I bought one of these to play with but haven't done so yet - http://www.bakatronics.com/shop/item.aspx?itemid=690 

-Brian


----------



## East Broad Top (Dec 29, 2007)

I'd be interested in something like this, too. I got a Bachamann handcar and trailer (sans hand-car mechanism) recently, and want to turn it into one of the EBT's small early gas-powered speeders. I've got a good recording of the sound, but I want to put it on a chip so it plays while the thing is running. Ideally, I'd like something that runs on around 6 volts, and can be looped. Ideas are welcome. 

Later, 

K


----------



## TonyWalsham (Jan 2, 2008)

Todd. 
Can you tell us which sound ITT offers that has the two different sounds on it please? 
I know George used to make a system that did that but to the best of my knowledge nowadays they only have one.


----------



## toddalin (Jan 4, 2008)

Posted By TonyWalsham on 14 Oct 2009 03:58 AM 
Todd. 
Can you tell us which sound ITT offers that has the two different sounds on it please? 
I know George used to make a system that did that but to the best of my knowledge nowadays they only have one. 

They used to include two sounds. At one time the industrial diesel was coupled with the regular diesel and both sounds were on the chip.

Maybe he has changed the way he makes them. Maybe now it is twice as long with one sound, a higher quality sound, or just a lack of programming. I would say get hold of George and see if he can make one up the old way. 
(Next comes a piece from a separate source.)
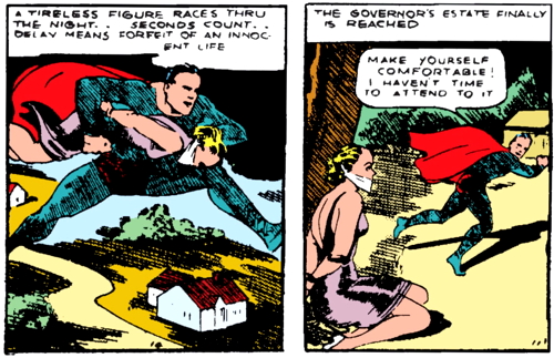 We catch up with him on page 2 in a tremendous rush, carrying a blonde lady in a revealing dress, who’s been bound and gagged for some reason. He’s leaping across the countryside, because at this point all he can do is jump an eighth of a mile at a time; Superman can’t fly yet, and nobody asks him to. He’ll have to wait for the radio show in 1940 to really get airborne, and he doesn’t fly in the comics until 1943.

When he redid the chip for me, I had him remove the regular diesel and increase the RPM on the industrial diesel for the second sound. We did it together right over the telephone, and he made the modification to the industrial diesel sound while I listened over the phone until I was satisfied, then burned it to the chip.

Todd


----------



## Jerry Barnes (Jan 2, 2008)

He have a web site?


----------



## altterrain (Jan 2, 2008)

http://ittproducts.com/index.html


----------



## TonyWalsham (Jan 2, 2008)

Thanks Todd. 
I already have had some of the older two sound boards. They were great. 
It was rhetorical question. I knew they were no longer available. 
I was in touch with George as soon as I read he had stopped making that version and if he would reconsider. 
The answer was NO. 
I was just wondering if his policy had changed again. A pity as I would sell lots of them here for small diesels.


----------



## toddalin (Jan 4, 2008)

Posted By TonyWalsham on 14 Oct 2009 03:52 PM 
Thanks Todd. 
I already have had some of the older two sound boards. They were great. 
It was rhetorical question. I knew they were no longer available. 
I was in touch with George as soon as I read he had stopped making that version and if he would reconsider. 
The answer was NO. 
I was just wondering if his policy had changed again. A pity as I would sell lots of them here for small diesels.

OK, thanks.

A loss to the hobby as it was nice having the selection on the chip. He had lots of different chips that included two sounds. I noted that the current HQ models run as long as 60 seconds and I think that my chip has two 30 second loops that were originally HQ215 and HQ216. I had HQ216 removed and HQ215 modified and recoded as the second sound for my goose. I guess that means that it is probably the only goose like that in existance.


----------



## Stan Cedarleaf (Jan 2, 2008)

I've been using George's modules for quite some time for just these type of applications. They're great... 

Itt Sound

HQ series modules I have are 125, 126, 215, 280, 282, 614 (Model T)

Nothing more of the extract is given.